Like many people in San Diego these days, I’ve been thinking of injustice and waste. Of nightmares which stretch far beyond worst-case-scenarios.
Amber and Chelsea. Needless losses, awful beyond words. The circumstances of their murders terrify me as a parent and challenge my well-honed ACLU sensibility. If reforming the present sex offender registration system takes a witch hunt or two thousand, well, sign me up. I am that upset and disgusted. I’m not the only one.
I learned about Chelsea King at a Rancho Bernardo Starbucks the day after she went missing. She’d gone running near Lake Hodges. Again and again in news reports: “searching Lake Hodges.”
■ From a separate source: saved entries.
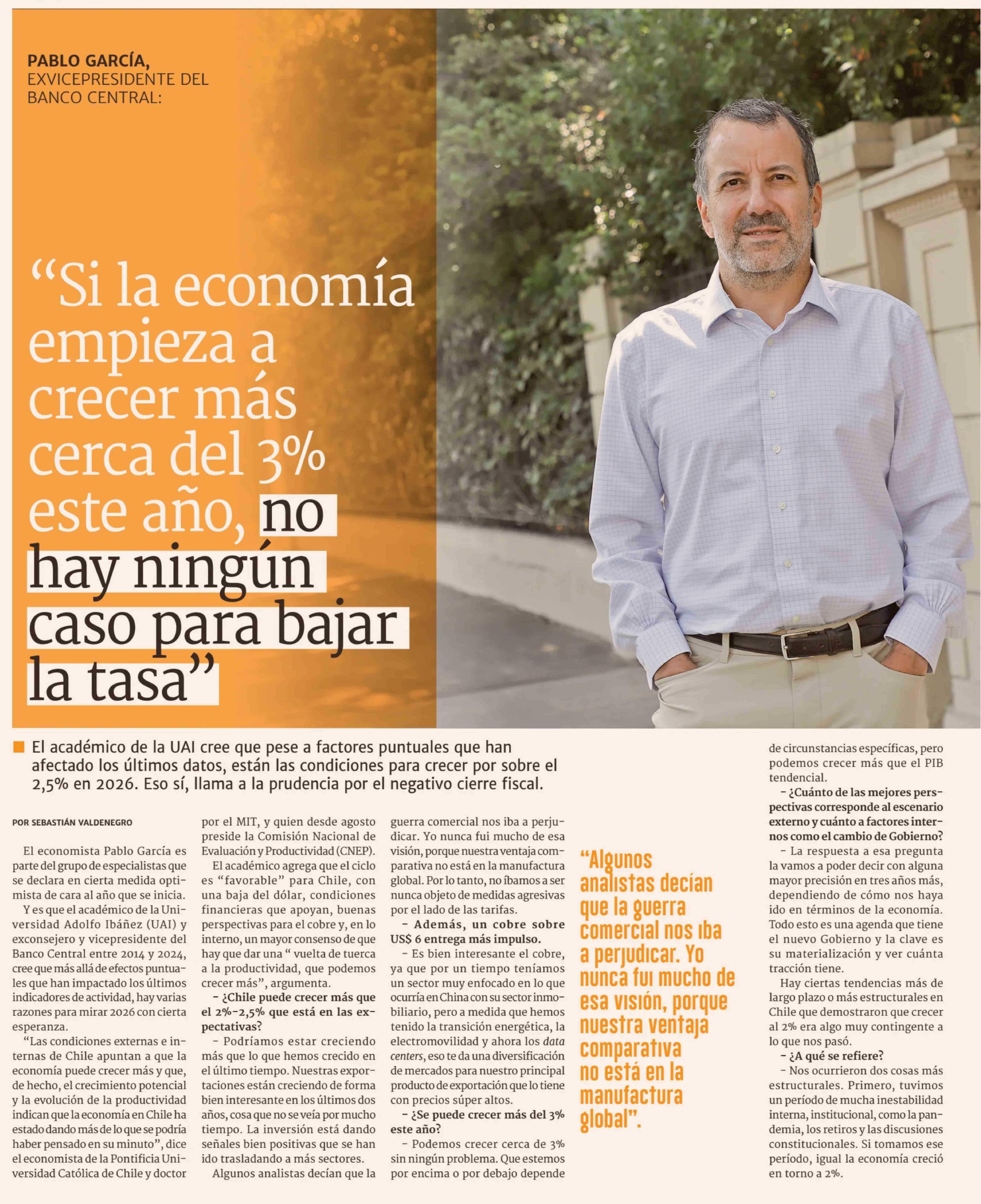 Título: "Si la economía empieza a crecer más cerca del 3% este año, no hay ningún caso para bajar la tasa"
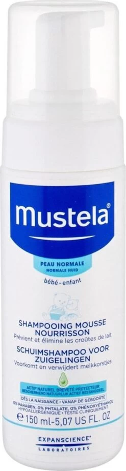 Baby schuimshampoo voor zuigelingen, ter preventie en verzorging van melkkorstjes, geschikt voor dagelijks gebruik.
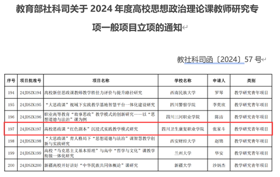 近日,教育部社科司组织的关于2024年度高校思想政治理论课教师研究专项立项结果公布,马克思主义学院张家斗主持申报的《高校思政课“红色剧本”沉浸式实践教学模式研究》获批立项。
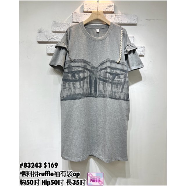 (現貨) #83243 棉料拼珠鏈ruffle袖有袋連身裙(胸50吋 Hip50吋 長35吋)
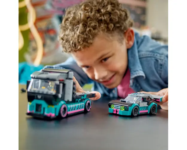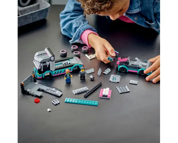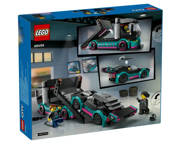 Accelereaza entuziasmul jucatorilor cu setul LEGO® City Masina de curse si camion transportator de masini (60406), cadoul perfect care alimenteaza pasiunea copiilor pentru masini si camioane de jucarie. Conceput pentru copii de 6 ani si mai mari, setul include un camion de curse cu o rampa de incarcare functionala si o masina de curse cool, cu suspensie coborata si aparatoare largi. Setul mai include si minifigurinele pilot de curse si sofer de camion pentru povesti si aventuri interpretate pe roluri.Setul Masina de curse si camion transportator de masini include un ghid de constructie tiparit, usor de urmat, si instructiuni 3D detaliate in aplicatia LEGO Builder. In aplicatie, copiii pot apropia si roti modelele pentru a le vizualiza din toate unghiurile pe masura ce le construiesc.Copiii cresc inconjurati de vehicule si masini uimitoare, iar cu seturile de constructie LEGO City Vehicule grozave, ei pot explora indeaproape modele realiste si personaje distractive care inspira joaca imaginativa fara restrictii. Produsul cu denumirea Masina de curse si camion transportator face parte din brandul Coletto, se afla in categoria Jucarii outdoor si subcategoria Produse noi
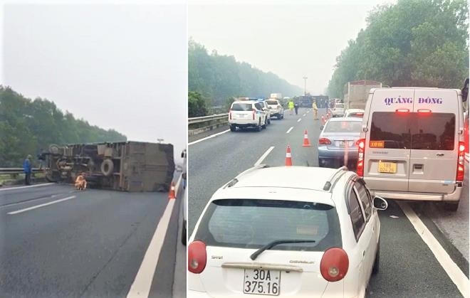 Còn tại Hà Nam, khoảng 6h45 xe tải mang BKS 20C - 175.44 chạy trên cao tốc Pháp Vân - Cầu Giẽ theo hướng Hà Nội đi Ninh Bình. Khi đến khu vực cách nút giao Liêm Tuyền khoảng 3km (đoạn thuộc TP Phủ Lý), chiếc xe này đâm vào dải phân cách rồi lật nghiêng chắn ngang đường.
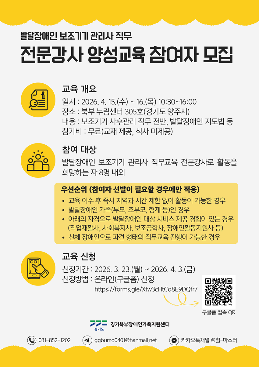 발달장애인 보조기기 관리사 직무 전문강사 양성교육 참여자 모집
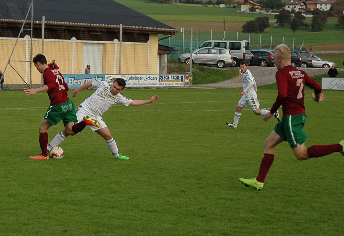 Man merkt gleich von Beginn an, dass es für beide Mannschaften ein wichtiges Duell ist. Attergau wird bereits mit dem ersten Angriff gefährlich. Oberwangs Tormann Alexander Breitenthaler kann den Kopfball von Josef Haslinger zur Ecke abwehren. Oberwang erholt sich aber schnell und ist ebenso von Anfang an auf Betriebstemperatur. Nach einem schönen Angriff über Rene Putz wird Robert Speer gut bedient, doch der Attergauer Tormann Florian Huber kommt heraus und kann den Schuss parieren. Dann ist wieder St. Georgen an der Reihe. Josef Haslinger scheitert zunächst mit seinem Schuss an Breitenthaler, der Ball wird wieder in den Strafraum geflankt und Johannes Hemetsberger köpfelt am Tor vorbei. In der 17. Minute kommt Robert Speer über den Flügel und spielt auf für Alexander Wesenauer, doch der schießt genau auf Torwart Huber. Das Derby bietet von Anfang an viel Unterhaltung, das Spiel ist umkämpft und es geht hin und her. Tobias Huschka hat die nächste Attergauer Chance auf dem Fuß, er trifft mit seinem Flachschuss die Außenstange. (22.) Zum Ende der ersten Halbzeit gelingt es Attergau immer besser, Oberwang in der eigenen Hälfte einzuschnüren. Die Gäste bringen den Ball mehrmals nicht gut weg und so gelingt Attergau die Führung. Johannes Hemetsberger kann nach einem Querpass aus kurzer Distanz zum 1:0 abstauben. (37.) Oberwang kommt kurz vor der Pause noch zur Ausgleichschance. Robert Speer bedient Emanuel Lacher mit einem tollen hohen Ball, der nimmt sich den Ball gut mir der Brust an, trifft aber nur das Außennetz. Attergau führt zur Halbzeitpause knapp mit 1:0.
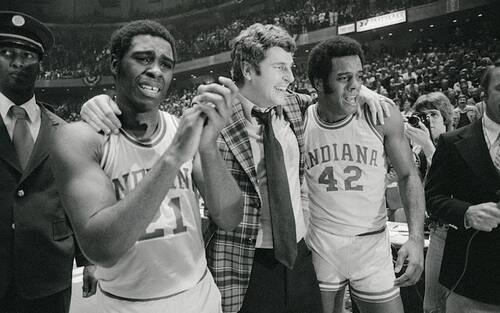 NCAA | QUINN BUCKNER, INDIANA HOOSIERS (1976) | Quasi in lacrime [maglia n°21, ndr], abbracciato dal suo allenatore Bobby Knight, Buckner festeggia il titolo NCAA conquistato con gli Hoosiers nel suo anno da senior, chiuso sotto i 9 punti a partita

There are San Diegans for whom Lake Hodges does not mean picturesque, a place to kayak, walk around, bring lunch. These people knew a guy named Steve Foth. A sweet and funny musical fellow. Ten years ago his life ended at Lake Hodges.
I could describe the technicolor violence of his carjacking and murder, but I don’t want to. It is frankly too horrible. You can google his death just as easily as the creepily ironic lyrics to “Hitchhiker Joe,” the Rugburns hit he co-wrote with Steve Poltz.
Steve Foth was a good friend of M., the nifty smartypants I married 19 years ago today. When we lived in New York, Steve would visit, along with Dennis, his omnipresent companion in music, life and good-natured, even sunshine-y, debauchery. When we visited San Diego, we would see Steve in situ. The very early 90s. The Pink Panther, Kobey’s Swap Meet, Japanese restaurants with fluorescent lighting, the taco stand on University at 2AM — Steve Foth played expansive tour guide, his beautiful girlfriend Grace in tow.
Dennis and Steve came to New York for my wedding to M. I think they had the best time of anyone there, and that wedding was not devoid of merrymaking guests. Dennis and Steve were made for over-the-top big-time Beluga-Kobe tournedos-Viennese table New York Jewish weddings. The last time I saw Steve, he reminded me how much he loved that wedding. And dancing the Hora, too, he said. He loved that. M. and I had already split.
The first section of my first novel ends at a wedding similar to Steve’s own, at a friend’s vineyard in Temecula. I remember peacocks and a lovely, twangy “My Life” during the ceremony. Once night fell, people jumped into the pool. It was a chlorinated drunken frenzy. I was overdressed in a black silk cocktail dress.
Back then, I always overdressed. I wasn’t happy. I was younger, dumber, and full of fear. I appreciate most things a hell of a lot more now.
I was feeding my tiny kids in their high chairs, watching the local news, when a photo of guitar-playing Steve filled the screen. I heard his name, dropped the spoon.